Si impone una visione ideologica e culturale di destra radicale, parte di origine Lega e fatta propria dal Movimento 5 Stelle -pensiamo all’immigrazione- e parte patrimonio comune, in relazione ad esempio alla concezione delle Istituzioni.

Della politica fiscale si è detto molto. Salvini ottiene l’introduzione della cosiddetta ‘flat tax’ ossia una riduzione delle aliquote fiscali a due, la prima al 15 per cento per i redditi più bassi, la seconda al 20 per cento. E’ una misura iniqua, che favorisce i ricchi che pagheranno molte meno tasse di oggi, e penalizza i poveri, che avranno vantaggi marginali e rischiano di vedersi smantellati i servizi che con quelle tasse sono finanziati. I ricchi vincono, i poveri perdono.

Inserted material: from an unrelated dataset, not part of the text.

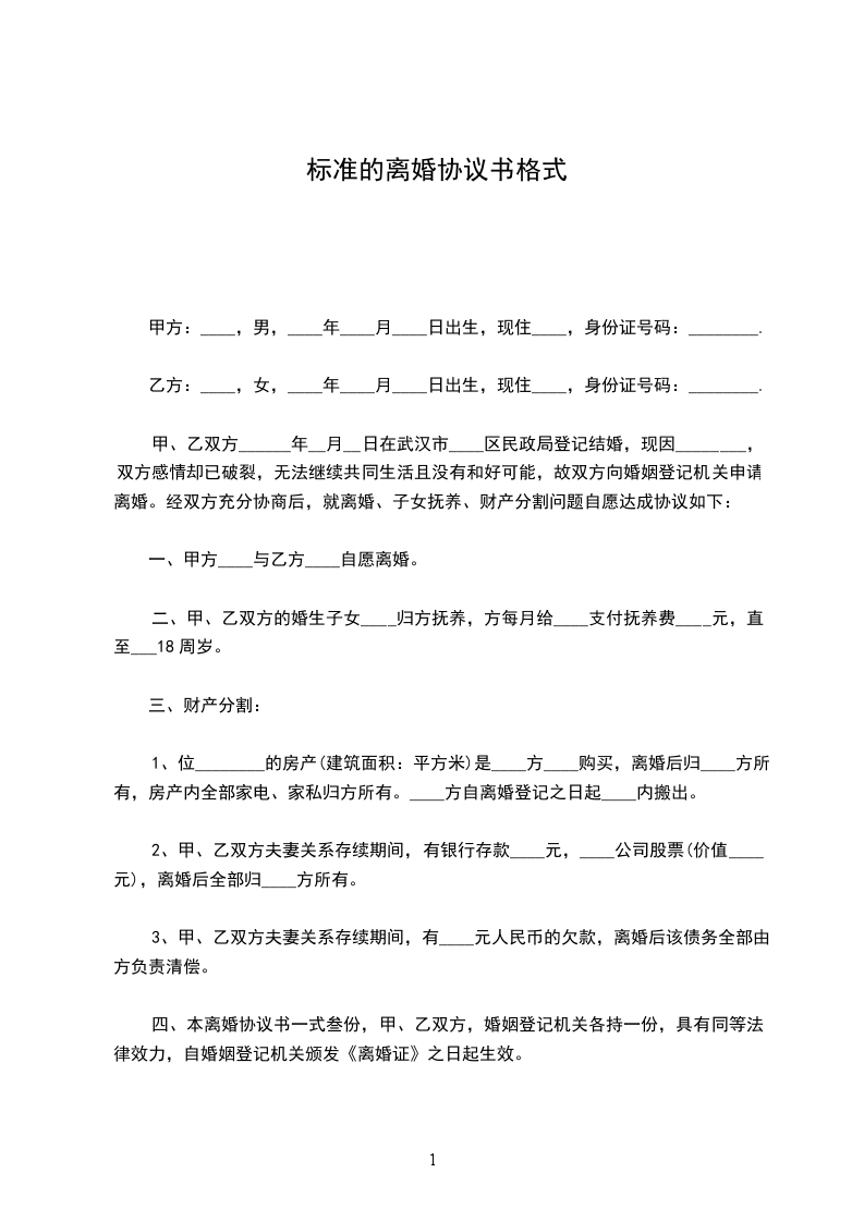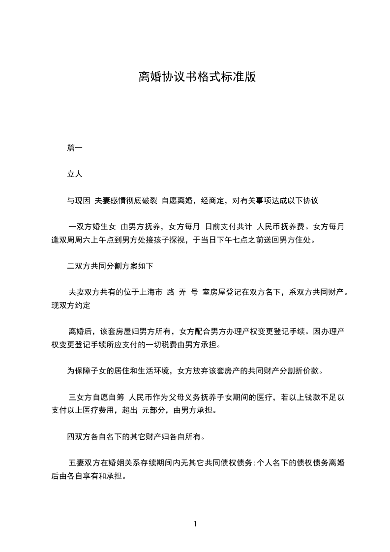 五、本协议一式三份,双方各执一份,婚姻登记机关存档一份,双方签字,并经婚姻登记机关办理离婚手续后生效。

Altri capitoli del programma delineano una impostazione autoritaria e razzista.

Gli immigrati sono discriminati rispetto agli italiani. Non avranno diritto alle misure di sostegno al reddito. Il cosiddetto ‘reddito di cittadinanza’ e che in realtà è un sussidio di disoccupazione è riservato agli italiani. Lo stesso vale per le integrazioni alle pensioni più basse. E gli asili nido gratuiti? Solo per le famiglie italiane. Sottolineato italiane, sottolineato famiglie.

Passa il ‘prima gli italiani’ di Salvini e il Movimento 5 Stelle lo accetta.

E per la prima volta un programma elettorale mette nero su bianco il numero di immigrati da espellere: 500mila. Per le persone da cacciare, Lega e 5 Stelle pensano di istituire dei centri di detenzione, uno in ogni regione italiana.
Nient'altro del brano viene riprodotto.